*** Working data ***
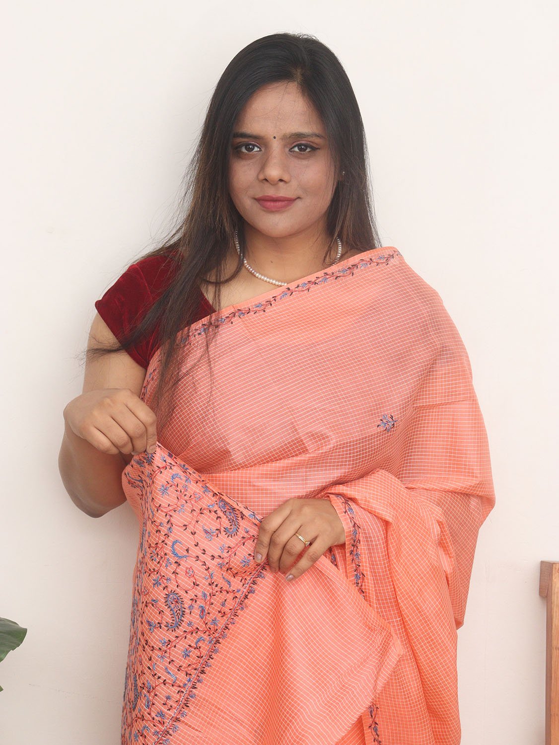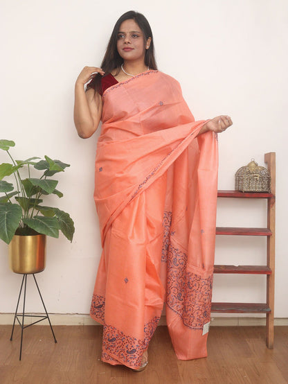 From our exclusive collection of Kashmiri Craftsmen, this is a Kashmiri Saree with Blouse which you would love to have it in your wardrobe. This Saree is a perfect occasion wear. Its an exclusive saree embroidered and a fresh collection directly from weavers in Kashmir. Sozni (or suzani) embroidery is a style of embroidery from the Jammu and Kashmir region. (It Comes With Contrast Blouse Piece).
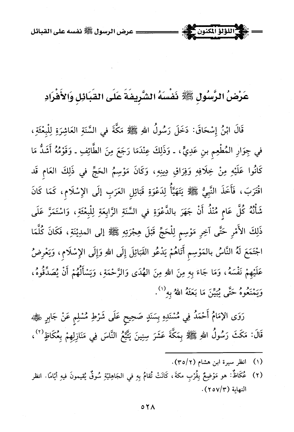 رَوَى الإِمَامُ أَحْمَدُ فِي مُسْنَدِهِ بِسَنَدٍ صَحِيحٍ عَلَى شَرْطِ مُسْلِمٍ عَنْ جَابِرٍ -رضي اللَّه عنه- قَالَ: مَكَثَ رَسُولُ اللَّهِ -صلى اللَّه عليه وسلم- بِمَكَّةَ عَشَرَ سِنِينَ يَتَّبَّعُ النَّاسَ فِي مَنَازِلهمْ بِعُكَاظٍ (¬2) ,
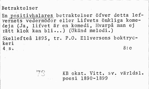 //// Betraktelser //// En positivhalares betraktelser öfver detta lef-vernets vedermödor eller Lifvets ömkliga kome-deja (Ja, lifvet är en komedi, Hvarpå man ej rätt klok kan bli...) (ökänd melodi.) //// Skellefteå 1895, tr. P.O. Ellversons boktryckeri //// 4 s. 8:0 //// KB okat. Vitt. sv. världsl. //// poesi 1890-1899 ////
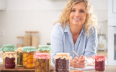 Portret szczęśliwej dorosłego kobiety w nowoczesnej kuchni z garnka i
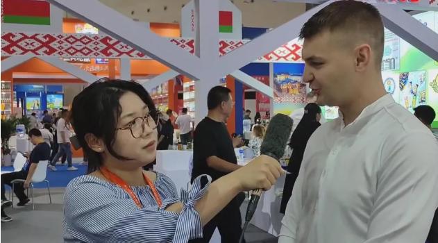在白俄羅斯的展區(qū)前,記者通過中方的翻譯,在待等了一段不短的時間后,終于采訪了一直忙碌交流的、來自白俄羅斯莫吉廖夫州自由經(jīng)濟區(qū)比霍夫罐頭廠有限責任公司的代表維塔利先生。
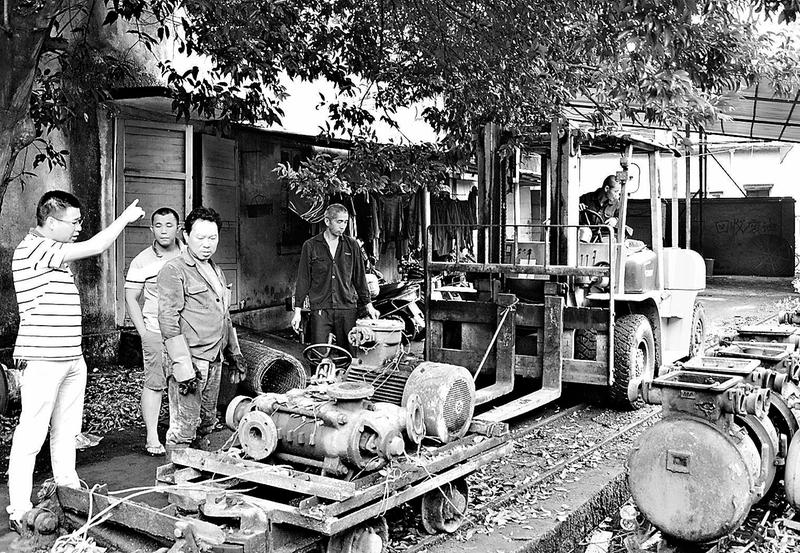 連日來,銅鑼坪礦對井口工業廣場機修車間堆積的報廢機電設備進行集中整理,將這些設備調運回倉庫,還井口工業廣場一個整潔的環境。圖為10月17日上午,叉車在調運井下小型報廢抽水設備。(陳思忠攝)
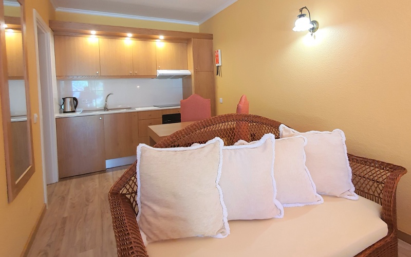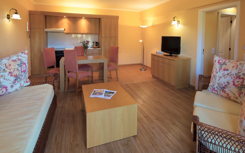 141 studios et appartements avec kitchenette et 25 spa suite de luxe, téléphone, télévision satellite, connexion wifi gratuite, coffre-fort (payant), salle de bains avec baignoire ou douche et sèche- cheveux, balcon ou jardinet. Chambre séparée dans les appartements. Spa suites plus spacieuses avec vue directe sur la mer, accès au spa, coffre-fort gratuit et mini bar.
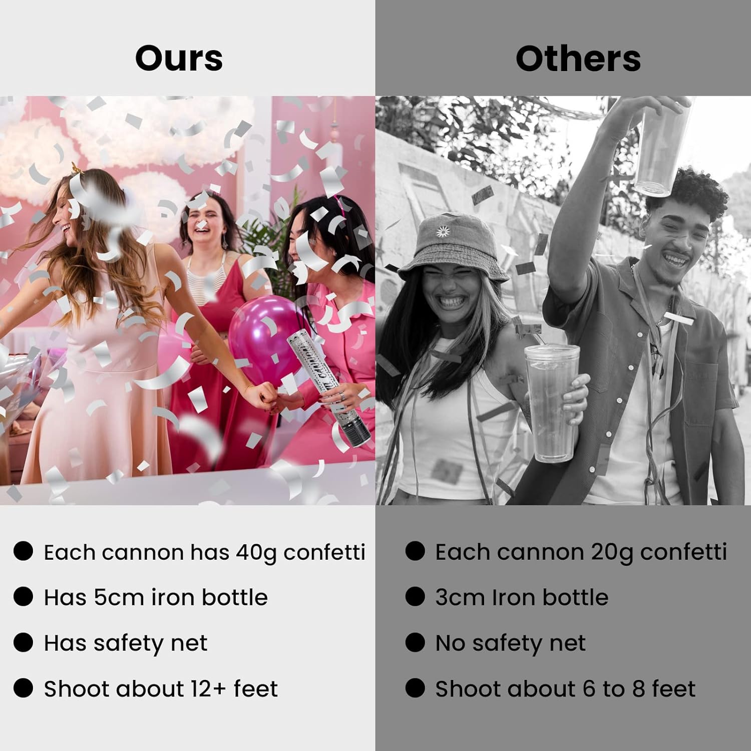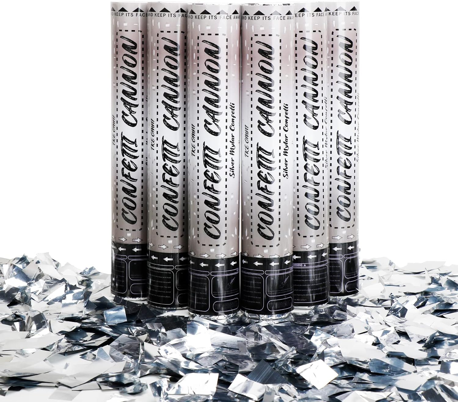 • πŸŽ‰ Mega-Value Confetti Cannons: We offer you a set of premium confetti poppers at a price that won't break the bank. Each large confetti cannon is 12 x 2 inches (30 x 5cm), filled with exciting confetti made of fireproof and non-fade silver mylar!
*** End of Working data ***
(The problem):
Please retype the data exactly as it appears, but without any of its pictures.

(Result of the exercise):
 From our exclusive collection of Kashmiri Craftsmen, this is a Kashmiri Saree with Blouse which you would love to have it in your wardrobe. This Saree is a perfect occasion wear. Its an exclusive saree embroidered and a fresh collection directly from weavers in Kashmir. Sozni (or suzani) embroidery is a style of embroidery from the Jammu and Kashmir region. (It Comes With Contrast Blouse Piece).
 رَوَى الإِمَامُ أَحْمَدُ فِي مُسْنَدِهِ بِسَنَدٍ صَحِيحٍ عَلَى شَرْطِ مُسْلِمٍ عَنْ جَابِرٍ -رضي اللَّه عنه- قَالَ: مَكَثَ رَسُولُ اللَّهِ -صلى اللَّه عليه وسلم- بِمَكَّةَ عَشَرَ سِنِينَ يَتَّبَّعُ النَّاسَ فِي مَنَازِلهمْ بِعُكَاظٍ (¬2) ,
 //// Betraktelser //// En positivhalares betraktelser öfver detta lef-vernets vedermödor eller Lifvets ömkliga kome-deja (Ja, lifvet är en komedi, Hvarpå man ej rätt klok kan bli...) (ökänd melodi.) //// Skellefteå 1895, tr. P.O. Ellversons boktryckeri //// 4 s. 8:0 //// KB okat. Vitt. sv. världsl. //// poesi 1890-1899 ////
 Portret szczęśliwej dorosłego kobiety w nowoczesnej kuchni z garnka i
在白俄羅斯的展區(qū)前,記者通過中方的翻譯,在待等了一段不短的時間后,終于采訪了一直忙碌交流的、來自白俄羅斯莫吉廖夫州自由經(jīng)濟區(qū)比霍夫罐頭廠有限責任公司的代表維塔利先生。
 連日來,銅鑼坪礦對井口工業廣場機修車間堆積的報廢機電設備進行集中整理,將這些設備調運回倉庫,還井口工業廣場一個整潔的環境。圖為10月17日上午,叉車在調運井下小型報廢抽水設備。(陳思忠攝)
 141 studios et appartements avec kitchenette et 25 spa suite de luxe, téléphone, télévision satellite, connexion wifi gratuite, coffre-fort (payant), salle de bains avec baignoire ou douche et sèche- cheveux, balcon ou jardinet. Chambre séparée dans les appartements. Spa suites plus spacieuses avec vue directe sur la mer, accès au spa, coffre-fort gratuit et mini bar.
 • πŸŽ‰ Mega-Value Confetti Cannons: We offer you a set of premium confetti poppers at a price that won't break the bank. Each large confetti cannon is 12 x 2 inches (30 x 5cm), filled with exciting confetti made of fireproof and non-fade silver mylar!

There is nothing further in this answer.